Posted on 29 January, 2018Comments (0)

Garden Notes

Garden Notes

Winter Beauty is the name of a clematis that I would hate to be without. It is flowering now with thick petalled creamy white bells. The leaves are evergreen and it is a vigorous grower. It is labelled borderline hardy but I have had it for years growing up the outside of my conservatory, with no nice warming wall at its back. The roots are covered by an abelia shrub so that offers it some protection. If it gets too big you cut it back after flowering. I prefer it to the rather flimsy clematis cirrhosa, again a creamy white bell, this time with varying amounts of maroon spots inside it. This can be very vigorous. The later flowering clematis armandii is very vigorous and the leaves are tough and dark green. I think this can be a bit of a thug and it often retains ugly dead leaves.

These winter clematis are followed on by the alpina and macropetala varieties. These are delicate looking plants and are ideal for growing with some early flowering shrub that you intend to prune in early summer. Otherwise you do not do much pruning.

The summer and autumn clematis fall into two groups. The big flowered ones of June and the later ones of July onwards. The later ones are the easiest to grow. They are labelled pruning group 3 and you cut them to 18 inches in February and they flower on newly made shoots. They do not suffer from the wilt problems of the big flowered clematis. They are ideal to put up vigorous roses that you need to cut back each year.
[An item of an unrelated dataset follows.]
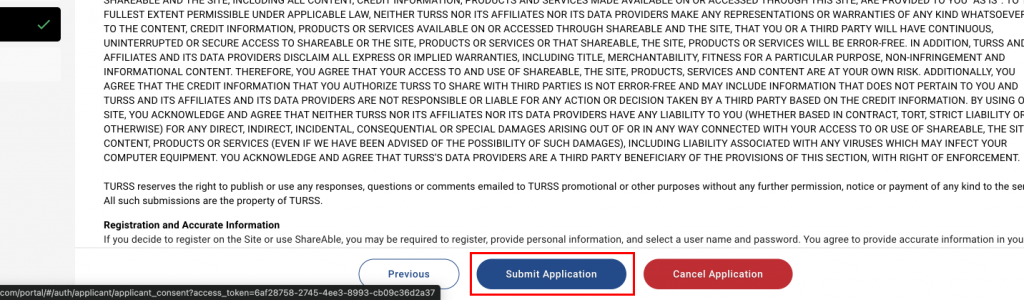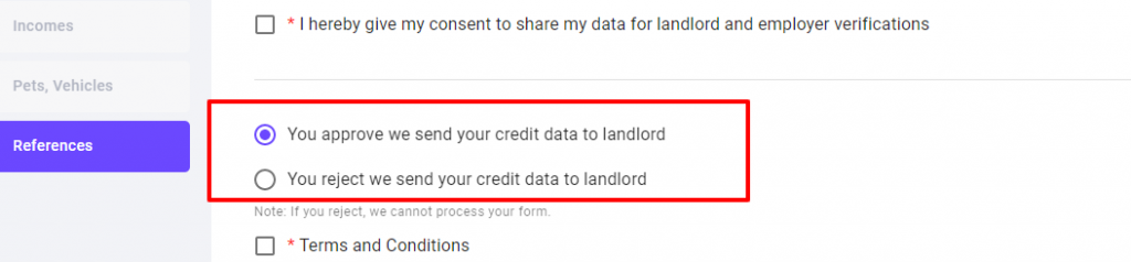 - You must click to approve that your credit data will be sent to the landlord. If you choose to reject it, the form will not process.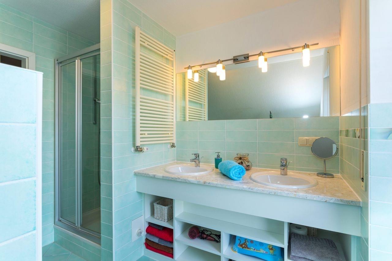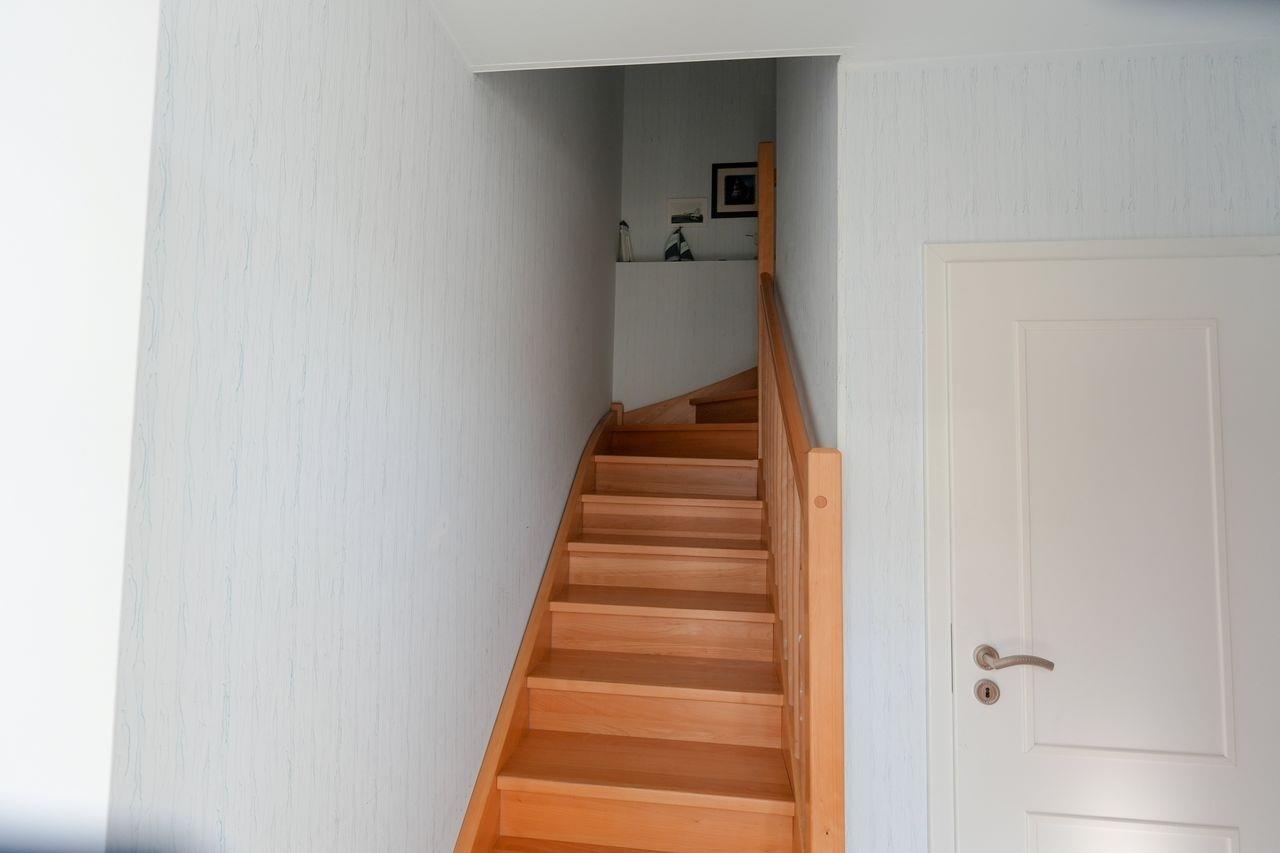 Im Erdgeschoss befindet sich ein HWR. Im Obergeschoss gibt es ein helles und geräumiges Wohnzimmer mit Esstisch, Flachbildfernseher, Kamin, gemütlicher großer Couch und einem Balkon. Außerdem gibt es eine offene und komplett ausgestattete Küche mit 4 Ceranfeldern, Backofen, Geschirrspüler, Kühlschrank, Gefrierschrank und Wasserkocher. Des Weiteren steht ein Badezimmer mit Badewanne, Dusche, WC und Haartrockner zur Verfügung. Ein Kinderzimmer mit Etagenbett (ca. 2,00m x 0,80m) ist ebenfalls vorhanden.

In recent years there have been many new shorter sorts brought out by Evison. These are easier to deal with and will take pruning when you want. I heard Raymond Evison saying that if you needed to prune at any time, treat them as if you were cutting off some ones ponytail. Just grab and cut. His new single flowered ones can be cut to six inches in February and do not grow very tall. You must have room some where to plant one.